In such a marriage, the pecuniary impact of the husband’s death is as follows: First, the wife has lost the 70 percent of the husband’s income (0.70 x $30,000 = $21,000) which he had spent on joint, family expenditures and on her personal consumption. Second, the wife now “saves” the 30 percent of her income, here $6,000 (= 0.30 x $20,000), which she had previously been spending on her husband’s personal consumption. However, it is not correct to say that she is “better off” by that $6,000. In the “idealised” marriage, her “gift” of $6,000 to her husband was voluntarily made because that use of her money gave her greater pleasure than any other use available to her. Thus, when the death of her husband “freed” her to spend the $6,000 on herself, she was not made better off. The “freeing” of the $6,000 forces her to purchase something – goods and services for herself – which she values less than the items she was purchasing before – goods and services for her husband.
A less emotion-laden example might help to explain this point. Assume that individual A has been leasing a car for $500 per month. The tortious intervention of individual B has destroyed the car and $1,500 of contents belonging to A. Although two months had remained on the lease, A has been excused from further payment (perhaps on the ground that the contract was frustrated). B admits that he owes $1,500 to A, to compensate him for the loss of his personal belongings, but argues that this should be offset in part by the $1,000 A has “saved” because he no longer has to make two months of lease payments. B’s argument is wrong. Although A now has $1,000 which he did not have before; he has been deprived of the use of a car, a use on which he had placed a value of at least $1,000. Instead of being made better off by the “gain” of that $1,000, he will actually be made worse off by the difference between the value of the car and the value of the “next best” set of goods and services which he can now purchase. Similarly, the wife who was previously devoting some of her income to her husband is not better off when she is prevented, by the tortious action of some third party, from spending that money. Rather, like the individual deprived of his car, she is worse off. Hence, in the idealised form of marriage, it is the sole dependency approach which is justified.

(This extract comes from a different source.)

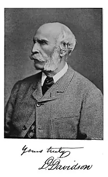 Davidson was born in Haddington where his father Henry M. Davidson was county Sheriff Clerk. He went to the local school and studied French from John Johnstone. His childhood friends included Jane Welsh Carlyle. In 1827 he moved to India to serve in the Bengal Native Infantry under the East India Company and retired in 1848 with the rank of Major. While stationed in Asirgarh Fort in 1832, he had a telescopic sight attached to a single-barrel rifle made by Samuel Staudenmeyer. The next year he wrote to the Bombay Sporting Magazine on his experiments with elongated rifle bullets with a fluted centre which he claimed increased their range and stability. He also developed a "air-cane" a walking cane with a rifle barrel and a compressed air system in the handgrip that allowed shooting a ball. He used it to kill snakes, fish and birds while on walks. He served in western India where he was a shooting companion of James Outram. He served with Edward Goldsmid and (later Sir) George Wingate on the revenue surveys[1] in the Deccan region. As part of this he introduced the use of graphs to depict revenue statistics (then supposedly novel).[2] He retired in 1848 and settled in Edinburgh where he built a mansion Woodcroft with the motto at the entrance Meliora semper cogita (lit. "Always think better") copied, according to Jane Carlyle, from a home in Haddington. He was later made an honorary colonel of the Queen's Edinburgh Rifle Volunteer Brigade. He took an interest in theology, literature and poetry. Here he also began to develop his telescoping rifle sight system working along with gunmaker John Dickson & Sons and the optics firm Alexander Adie & Sons both on Princess Street. He corresponded with Professor Charles Piazzi Smyth on this work and the idea was read in a paper to the British Association in 1850. Some of these guns were demonstrated at the Great Exhibition of 1851. In 1855 he patented a "detached collimator" and an "improved apparatus for point ordnance and restoring the aim of the piece either by day or night when it is once obtained". In 1897 he was knighted by Queen Victoria.[3][4]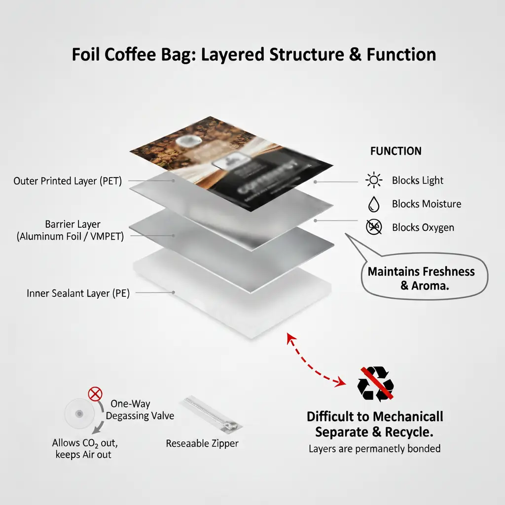 So while components of a foil coffee bag (e.g., PET or PE layers) are recyclable in principle, the composite structure means most end up in landfill, energy recovery, or specialty recycling streams—not in standard curbside recycling.

b) The marriage of convenience. The couple may not have married for reasons of love, but for reasons of financial gain. From a purely financial perspective, the marriage described above cost the wife $6,000 – the amount which she spent on items which benefitted her husband alone. In return, however, she received the benefit of the expenditures her husband made on her – 70 percent of his income, or $21,000. That is, she may be thought of as having “paid” $6,000 in order to receive $21,000. In such a marriage of convenience, the wife loses only the difference between these two figures – $15,000 – when her husband dies. (Note: the husband has also gained from this marriage, as he has “paid” 30 percent of his income, or $9,000, in order to obtain the benefit of 70 percent of his wife’s income, $14,000.)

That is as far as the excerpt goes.